Apropos Elektroartikel. Sie sagen, dass Fachinformatiker gesucht sind. Dabei sollte doch gerade dieser Sektor bei Schulabgängern beliebt sein, oder?

Woehlke Viele Unternehmen setzen ein Abitur für diese Ausbildung voraus. Und viele Abiturienten, die sich für die Informatik interessieren, gehen nach der Schule lieber studieren.

Ist denn ein Abitur Voraussetzung für angehende Fachinformatiker?

Woehlke Nein. Diesen Beruf können auch Jugendliche mit Mittlerer Reife lernen. Die Voraussetzung dafür ist Interesse. Wer nur weiß, wo er einen Computer anschaltet, der wird als Fachinformatiker scheitern. Ähnlich sieht das mit Köchen aus. Wer sich zuhause nur an den gedeckten Tisch gesetzt hat, der sollte sich etwas anderes suchen.

Sind die Unternehmen also zu anspruchsvoll?

Woehlke Zum Teil ja. Aber oft liegt es auch an den Bewerbern selbst. Wer die Schule abgebrochen hat und auf den letzten Zeugnissen nur Vieren und Fünfen hatte, der sollte sich keinesfalls eine kaufmännische Ausbildung suchen.

Haben Schulabbrecher denn überhaupt eine Chance auf dem Ausbildungsmarkt?

Woehlke Vielleicht im ein oder anderen Handwerksberuf. Aber eigentlich gilt: ohne Abschluss keine Ausbildung.

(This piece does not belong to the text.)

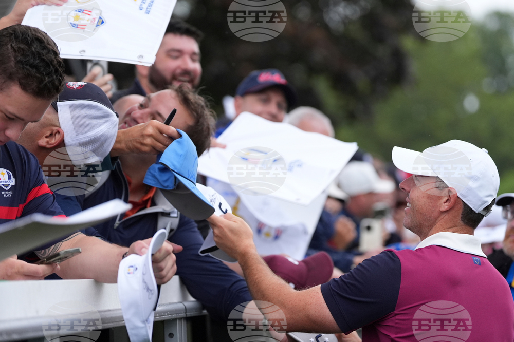 Europe's Rory McIlroy signs during a practice round at the Ryder Cup golf tournament, Thursday, Sept. 25, 2025, on the Bethpage Black golf course, in Farmingdale, N.Y. (AP Photo/Lindsey Wasson)

Dann hilft nur noch ein gut organisiertes Praktikum, um an eine Ausbildung zu kommen.

Worauf sollten die Bewerber sonst noch achten, wenn sie auf der Suche nach ihrem Traumberuf sind?

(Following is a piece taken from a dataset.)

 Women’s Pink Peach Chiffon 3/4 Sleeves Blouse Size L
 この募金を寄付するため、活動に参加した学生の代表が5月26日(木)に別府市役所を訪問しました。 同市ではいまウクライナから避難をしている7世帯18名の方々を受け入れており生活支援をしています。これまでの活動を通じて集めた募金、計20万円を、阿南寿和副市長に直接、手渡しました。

Woehlke Wer noch in diesem Jahr eine Lehre finden will, der sollte jetzt nicht in den Urlaub fahren, sondern Gas geben, viele Bewerbungen schreiben und Kompromisse eingehen.

Aber die Berufswahl ist eine Entscheidung fürs Leben. Da kann man doch nicht einfach Kompromisse machen?

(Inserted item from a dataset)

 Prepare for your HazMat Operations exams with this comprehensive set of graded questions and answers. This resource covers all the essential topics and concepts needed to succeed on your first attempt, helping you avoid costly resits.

Woehlke Lieber ein Kompromiss als eine Lücke im Lebenslauf. Man entwickelt sich nach der Ausbildung ja weiter und kann auch über Umwege zum Traumberuf gelangen. Heutzutage ist unsere Gesellschaft gar nicht mehr so festgelegt.

Und was raten Sie Schulabgängern, die völlig orientierungslos sind?

Woehlke Weiter zur Schule zu gehen ist nicht immer die beste Lösung - viele scheitern. Aus diesem Grund ist auch der Anteil an ganz jungen Bewerbern so niedrig. Ich kann aber verstehen, dass der Schritt für einen 16-Jährigen ins Berufsleben nicht so einfach ist. Dabei gibt es auch viele Vorteile.

Nämlich?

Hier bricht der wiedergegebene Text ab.